1. Minimum thickness of an interior continuous one-way slab (Gr 60) is:
2. Temperature and shrinkage steel ratio for Grade 60 is:
3. Max spacing of principal flexural steel in a slab is:
4. A one-way slab is recognized when the panel aspect ratio L/S satisfies:
5. Slab shear strength φVc per foot is (psi):
6. Minimum thickness h (in.) for an interior continuous slab, L = 16 ft, Grade 60:
7. Slab self-weight (psf) for h = 7 in., NWC at 150 pcf:
8. Factored load wu (psf) for DL = 100 (incl. SW), LL = 80:
9. T&S steel area (in²/ft) for h = 7 in. slab, Grade 60:
10. Required spacing of #4 (Ab = 0.20 in²) T&S bars per foot for the above slab:
11. Maximum spacing of principal flexural steel for h = 7 in.:
12. Maximum spacing of T&S steel for h = 7 in.:
13. A panel is considered one-way when the long/short ratio L/S is:
14. Effective depth d (in.) for h = 7, cover = 0.75, #4 main bars:
15. Cantilever one-way slab minimum thickness for L = 5 ft, Grade 60:

Common Student Mistakes

  • Mixing ASD and LRFD load combinations in the same problem.
  • Using nominal strength Rn instead of design strength φRn.
  • Forgetting to check every limit state listed in the AISC chapter.

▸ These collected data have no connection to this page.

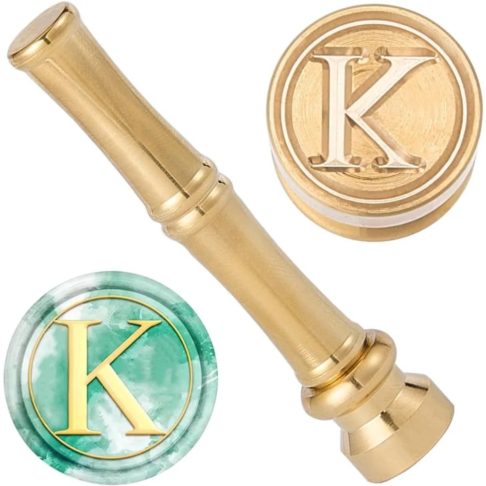 Dopis K pečeť náznak mosaz pečetního razítka 15mm zlatý kov retro vintage abeceda počáteční mini náznak s bambus tyčinka
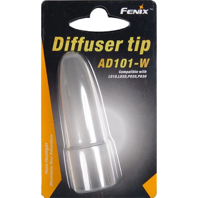 Недорогий та компактний дифузійний фільтр-насадка білого кольору для ліхтарів від компанії Fenix. Дифузійний фільтр застосовується для отримання розсіяного освітлення в сутінках і в темний час доби. Дифузійний фільтр-насадка виконаний з високоякісного ударостійкого пластику РС2805, стійкого до теплового впливу.
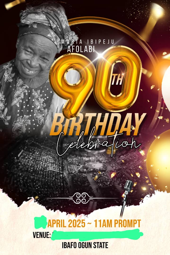 Media guru and highly respected on air personality, Jọlaoluwa Afọlabi famously known as J.J Jabulani is holding an elaborate 90th years birthday bash for his mummy, Mama Maria Ibipeju Afọlabi.
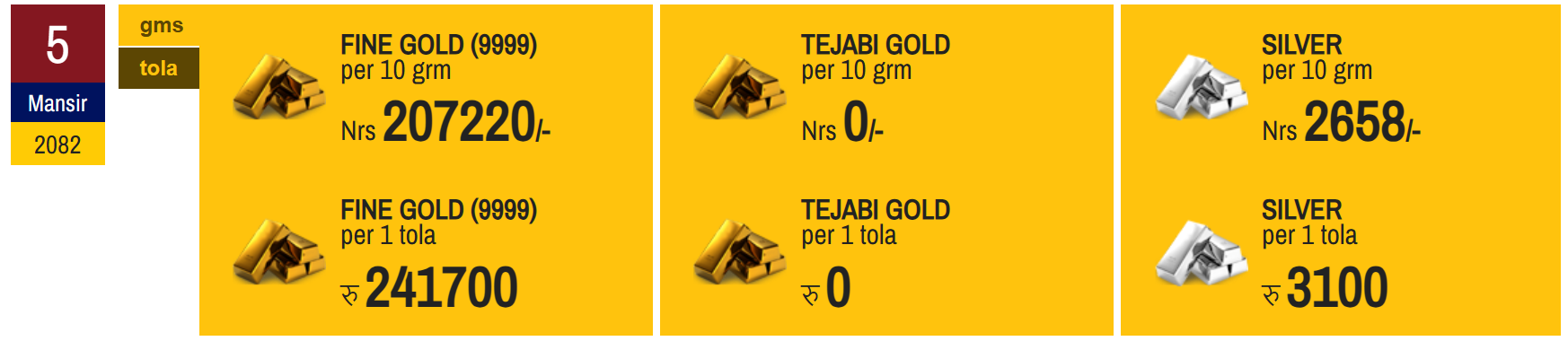 नेपाल सुनचाँदी व्यवसायी महासंघका अनुसार यस दिन सुन प्रतितोला २ लाख ४१ हजार ७०० रुपैयाँमा कारोबार भइरहेको छ । अघिल्लो दिन अर्थात बिहीबारको बजारमा प्रतितोला २ लाख ४३ हजार रुपैयाँमा कारोबार भएको थियो ।
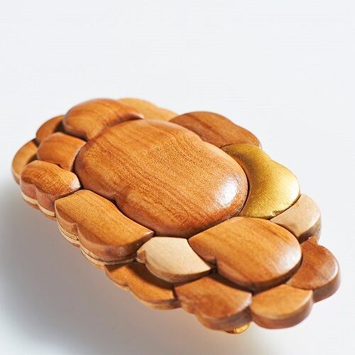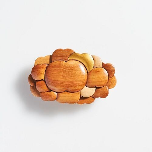 たくさんのりんごの中からたった一つ、陽の光を浴び輝く。ひとつひとつのパーツを削り出し、組み合わせています。一つのりんごだけに金粉を施しています。
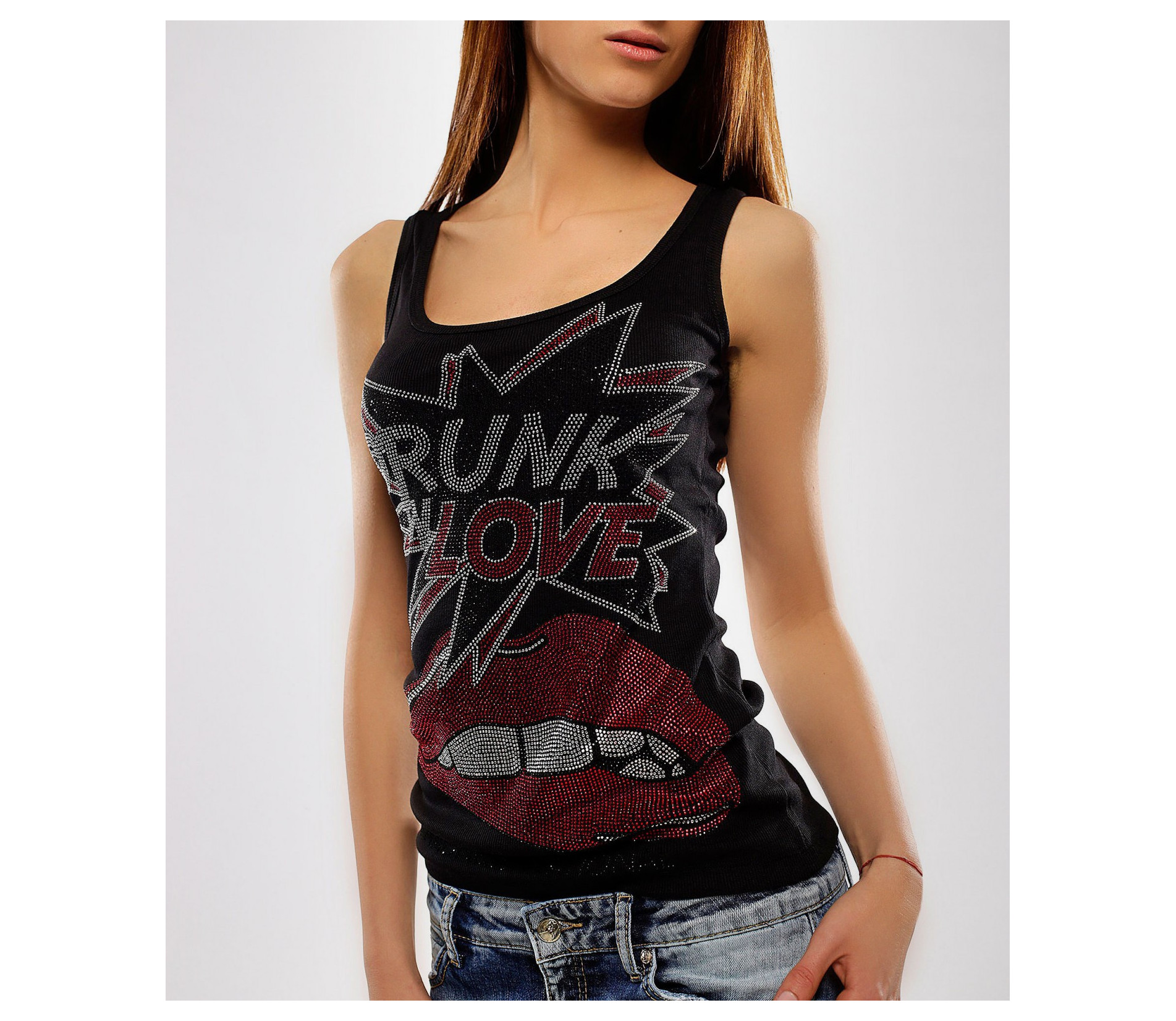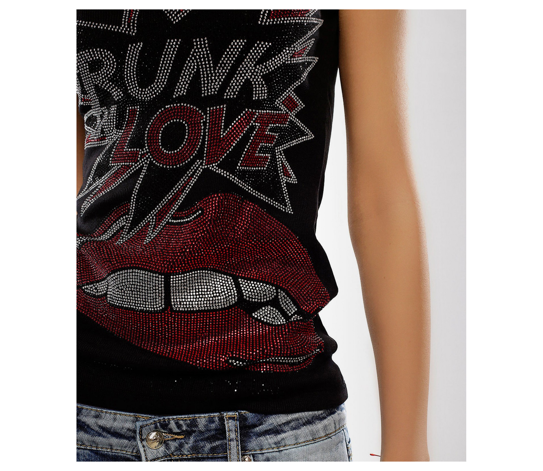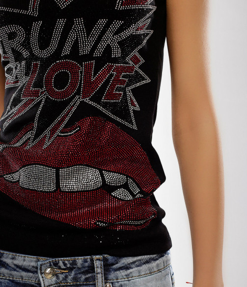 Описание : Уникален дамски потник с цветен принт в предната част изобразяващ целувка . Апликацията е изработена изцяло от камъни. Гърбът на потника е напълно изчистен. Изработен от викокачествени материали, гарантираме високо качество и безупречна визия...
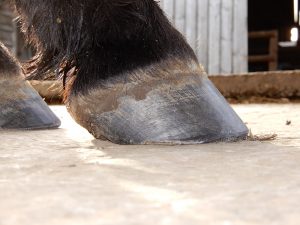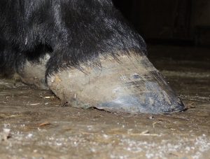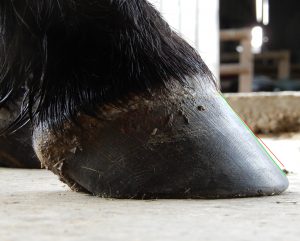 The first visit by an EP was in November 2016, after the shoes had been pulled by the owner’s farrier. On the initial visit the horse was short striding and landing toe first in walk with a mild lameness in trot on concrete that was less obvious on the arena surface. His toes were run forward and heels under run with weak soft tissues in the palmar (back of the) foot. During the initial trim, it was noted that the horse found it very difficult to protract (lift) his right fore to place it on the hoof stand for wall dressing. A recommendation was made to include a registered equine physiotherapist in the treatment plan and begin hand walking on a soft surface over poles 3x per week, to start to encourage a longer stride length.
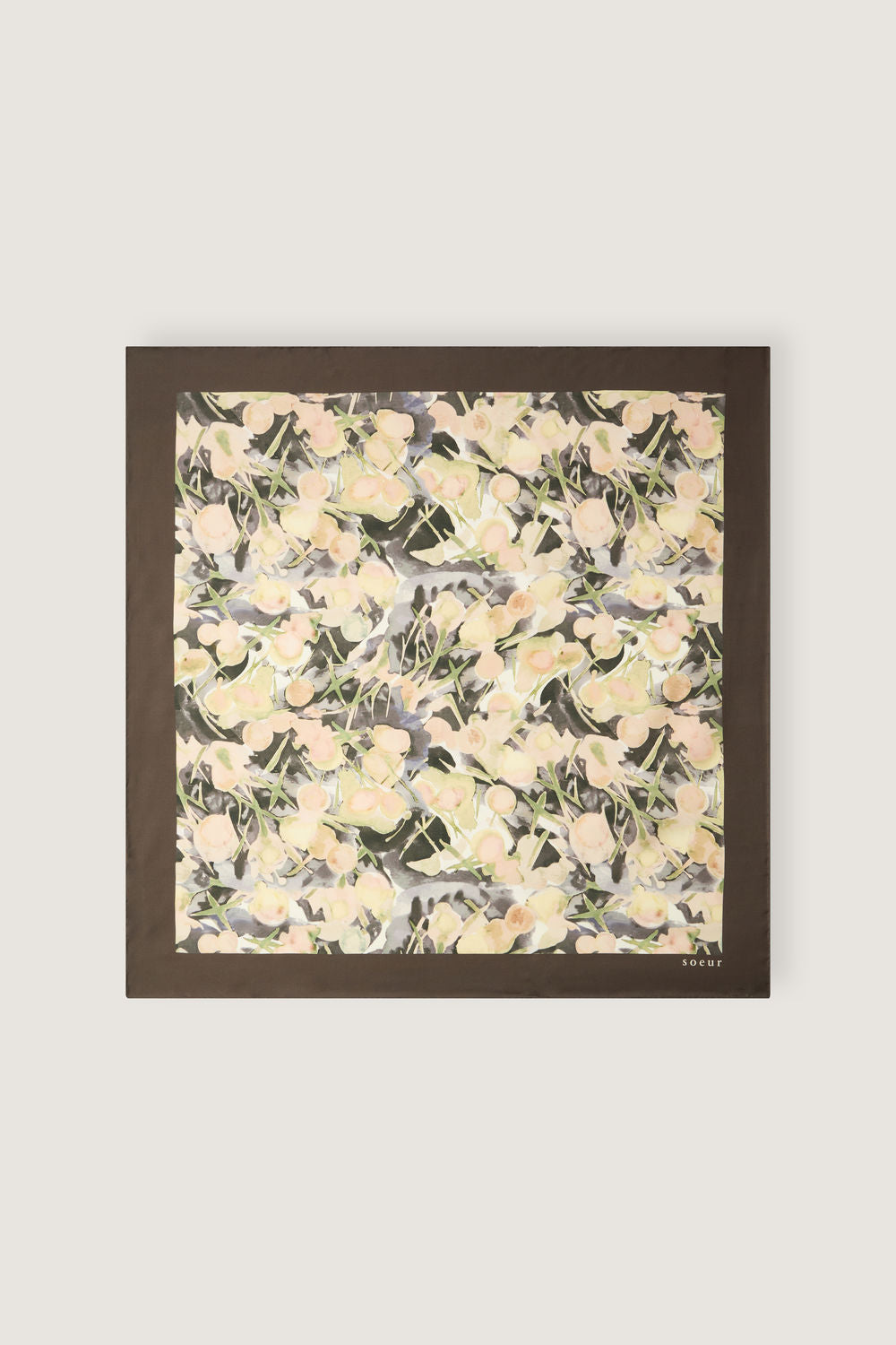 CAPUCINE est un foulard en soie imprimée. Signature du vestiaire Soeur, nos carrés en soie apportent une touche d'élégance et de fantaisie à n'importe quelle tenue : noués autour du cou, dépassant discrètement d’un col de chemise ou de pull, noué sur l'anse d’un sac, ou en fichu sur la tête…

"Professor Explains" Script

Today we're talking about rc — one-way slabs. Think of this topic as one step in the LRFD workflow: identify the demand, identify the limit states from the relevant AISC chapter, then check that φ·Rn is at least equal to Ru. We'll walk through the failure modes, the equations, and a worked example. Pay close attention to where the resistance factor changes — that's where students lose points on exams.